[news.software.b] Cnews and old news

pete@mimsy.umd.edu (Pete Cottrell) (09/23/90)

	I am running Bnews 2.11.14 and have HISTEXP set to 28 days. One of 
my major feeds is running Cnews and several times in the last few weeks has 
been feeding me lots of old articles. One time I got about 10,000 in 2
or 3  days, and I have gotten several thousand more in the last 3 days.
The latest batch are mostly 30-40 days old, but I've seen some going back 
to July and June. They all have the same Path leading up to mimsy:

mimsy!haven!decuac!e2big.mko.dec.com!bacchus.pa.dec.com!decwrl

On the other side of decwrl are various hosts, so it seems a good bet that
one of the DEC machines listed above is recycling the news.
	I have heard that Cnews doesn't have any mechanism to junk the
old news and prevent its propogation, but I don't know for sure since
I'm not familiar with it (I'll probably go to it sometime this fall - I
seem to remember Henry stating that they would be reorganizing the release
and was waiting for that. Any updates on this?). So, Cnews experts, how
does Cnews handle the question of old news? Is there anything I or my feeds
can do to prevent my news partition filling up with junk?
-- 
Spoken: Pete Cottrell 	UUCP: uunet!mimsy!pete      INTERNET: pete@cs.umd.edu  
Phone: 301-454-2025	USPS: U of Maryland, CS Dept., College Park, Md 20742

henry@zoo.toronto.edu (Henry Spencer) (09/23/90)

In article <26675@mimsy.umd.edu> pete@mimsy.umd.edu (Pete Cottrell) writes:
>	I have heard that Cnews doesn't have any mechanism to junk the
>old news and prevent its propogation, but I don't know for sure ...

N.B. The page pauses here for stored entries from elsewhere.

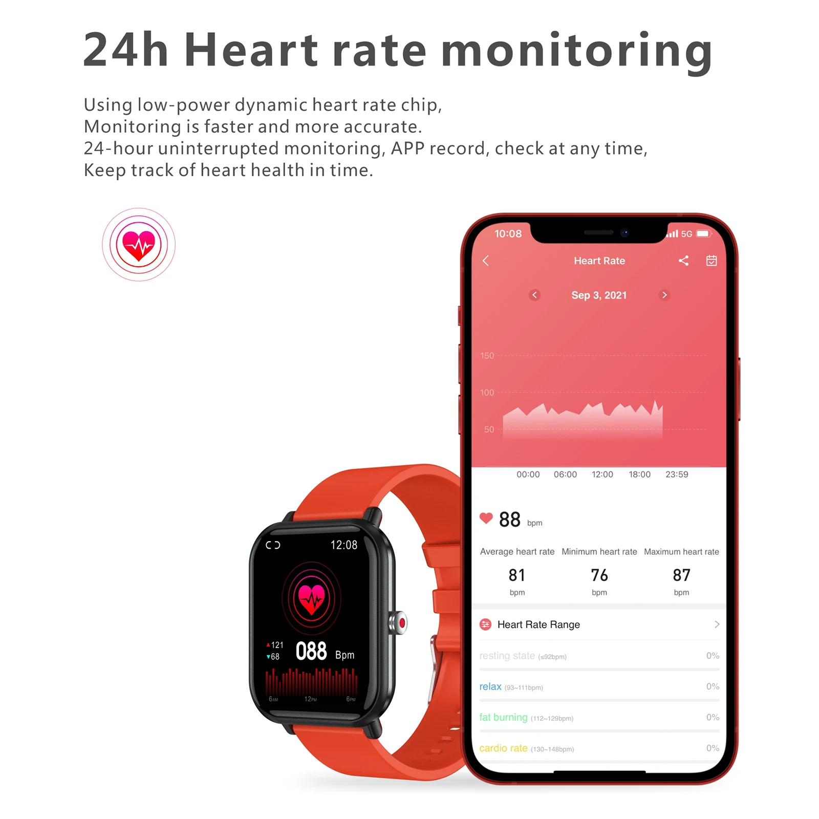 1,7 "большой экран с разрешением 240*280 показывает тонкое и четкое качество изображения. Безбортовая конструкция с изогнутым стеклом 2.5D создает сильную интегрированную визуальную производительность. Тонкий корпус с удобным для кожи силиконовым ремешком легкий и удобный в носке.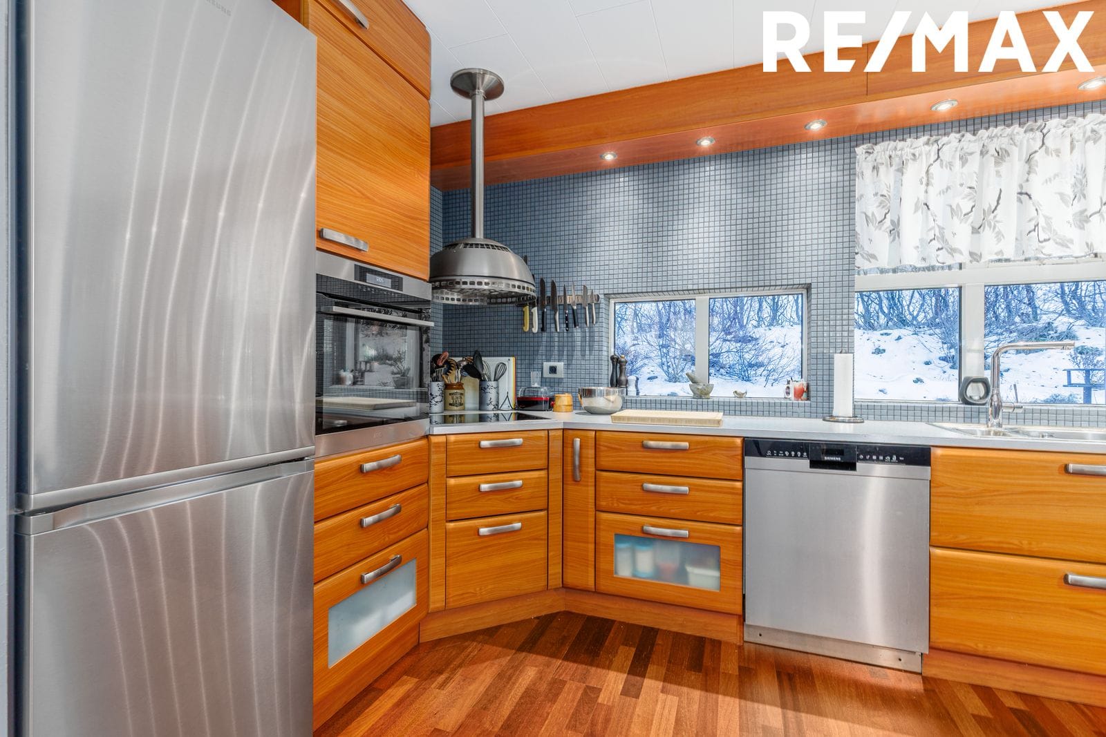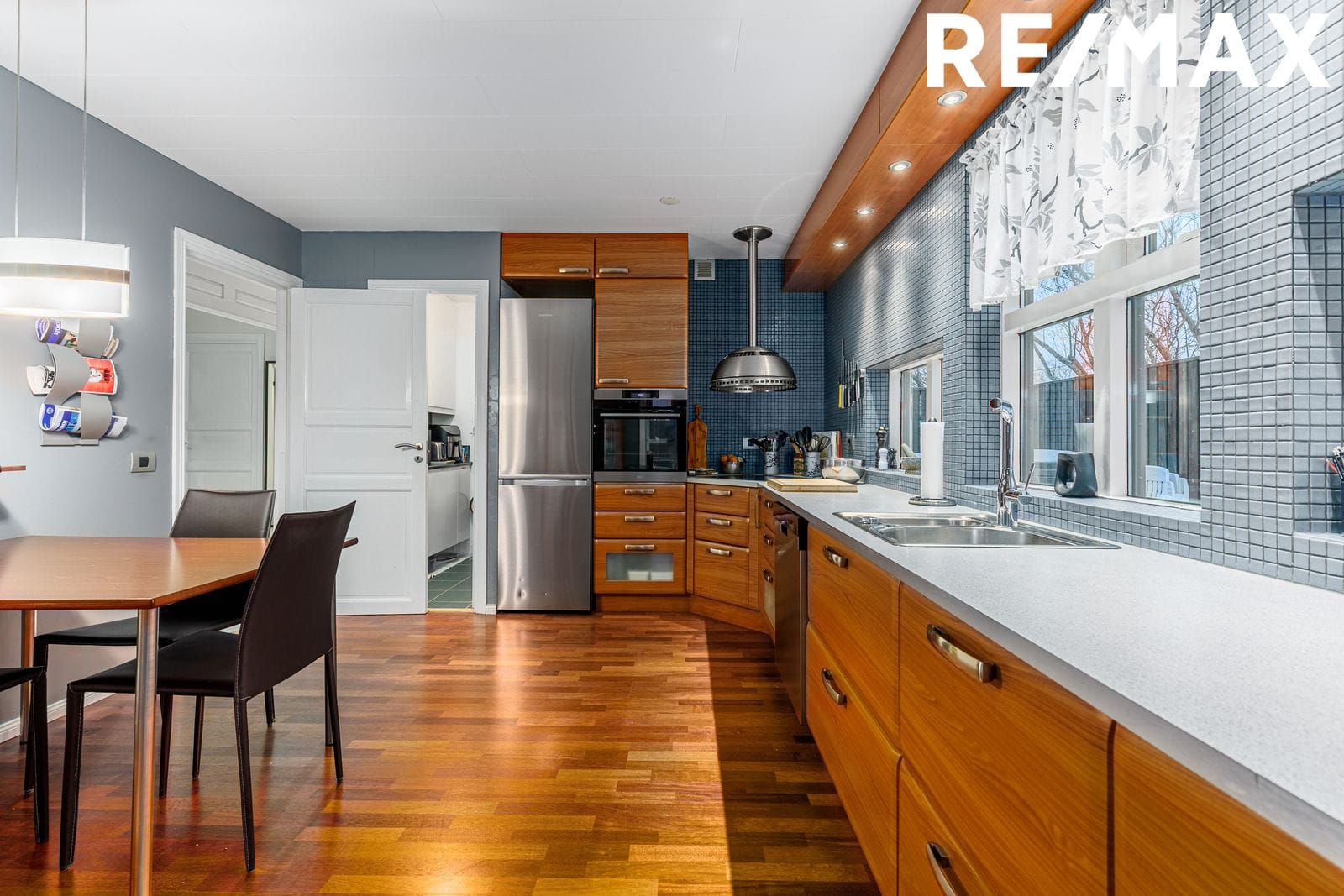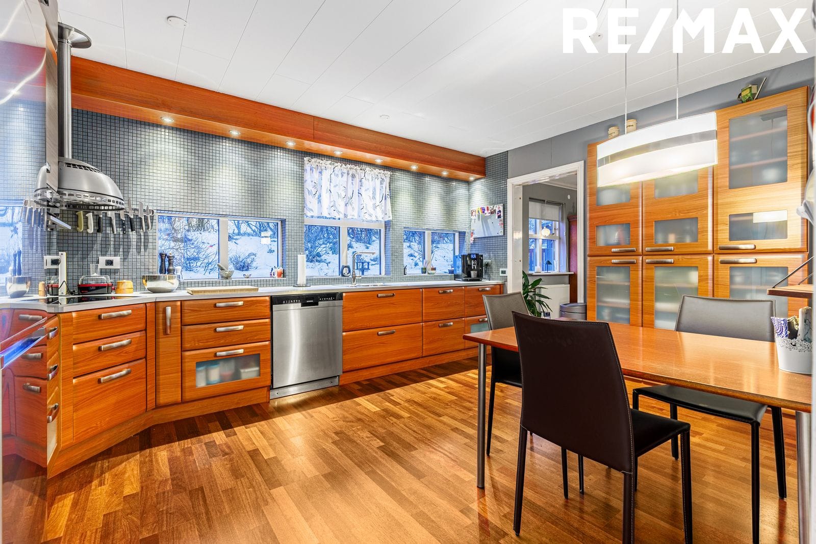 Eldhús: Parket á gólfi. Rúmgóð vönduð innrétting með góðu skápaplássi. Flísalagt með mosaikflísum á milli efri og neðri skápa. Helluborð með háfi yfir. Bakstursofn í vinnuhæð. Búr er inn af eldhúsi og með góðri innréttingu og flísum á gólfi.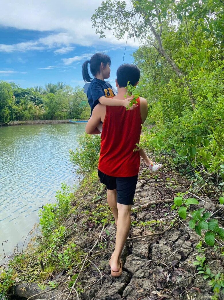 Khoảnh khắc Quách Ngọc Ngoan bế con gái khi đi thăm vườn ở quê nhà Cà Mau.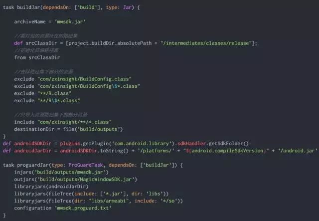 接下来我们来看看借助gradle如何实现sdk混淆,核心的task是proguardJar这个task。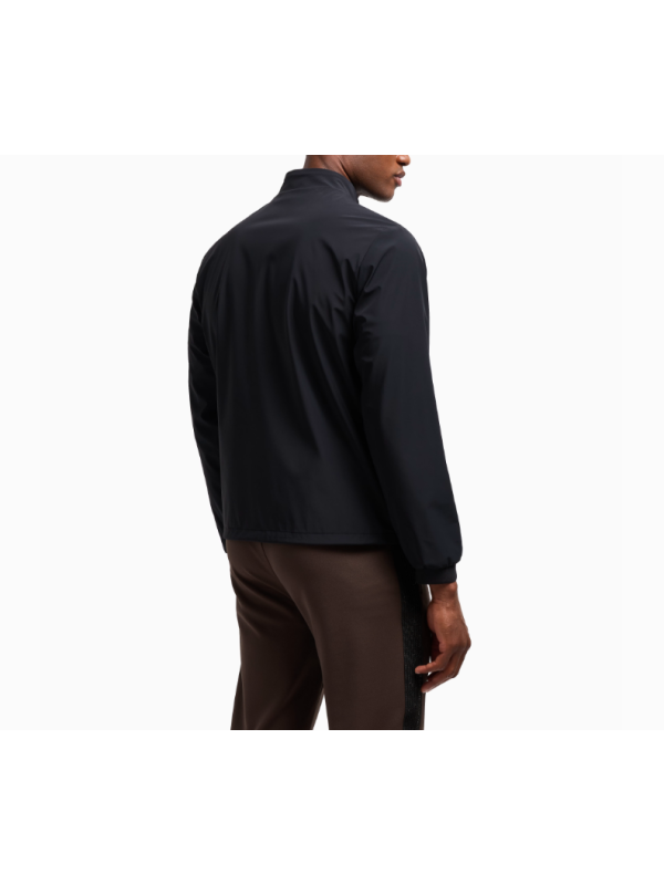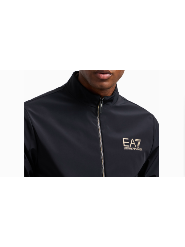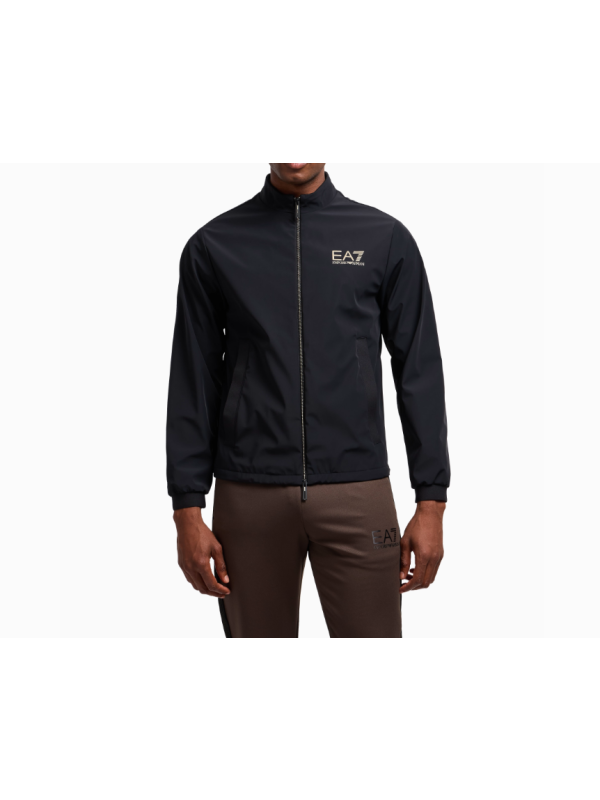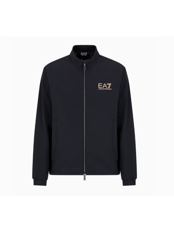 Jakna s patentnim zatvaračem izrađena od rastezljivog najlona, ima patentni zatvarač i dva duboka okomita džepa s patentnim zatvaračem. Stil, prilagođen logotipom EA7 u zlatnoj završnici na prsima, dio je izbora Gold Label, koji sadrži profinjen i elegantan stil: komadi izrađeni od udobnih tkanina i prilagođeni nepogrešivim zlatnim dodirom, za atletski, šik stil.

Sigh.  Unfortunately correct.  The trouble is that getdate() is relatively
costly and Geoff is reluctant to run it on every single article just on
the off-chance that it might be too old.  (There is also a lesser problem
in that it is *not* easy to pick a good number for "how old is too old?";
on the fringes of Usenet, fairly long propagation delays are not unheard-of.)

We had hoped that keeping more history, using dbz's more efficient history
database, would be sufficient.  I think the answer is no.
-- 
TCP/IP: handling tomorrow's loads today| Henry Spencer at U of Toronto Zoology
OSI: handling yesterday's loads someday|  henry@zoo.toronto.edu   utzoo!henry

zeeff@b-tech.ann-arbor.mi.us (Jon Zeeff) (09/23/90)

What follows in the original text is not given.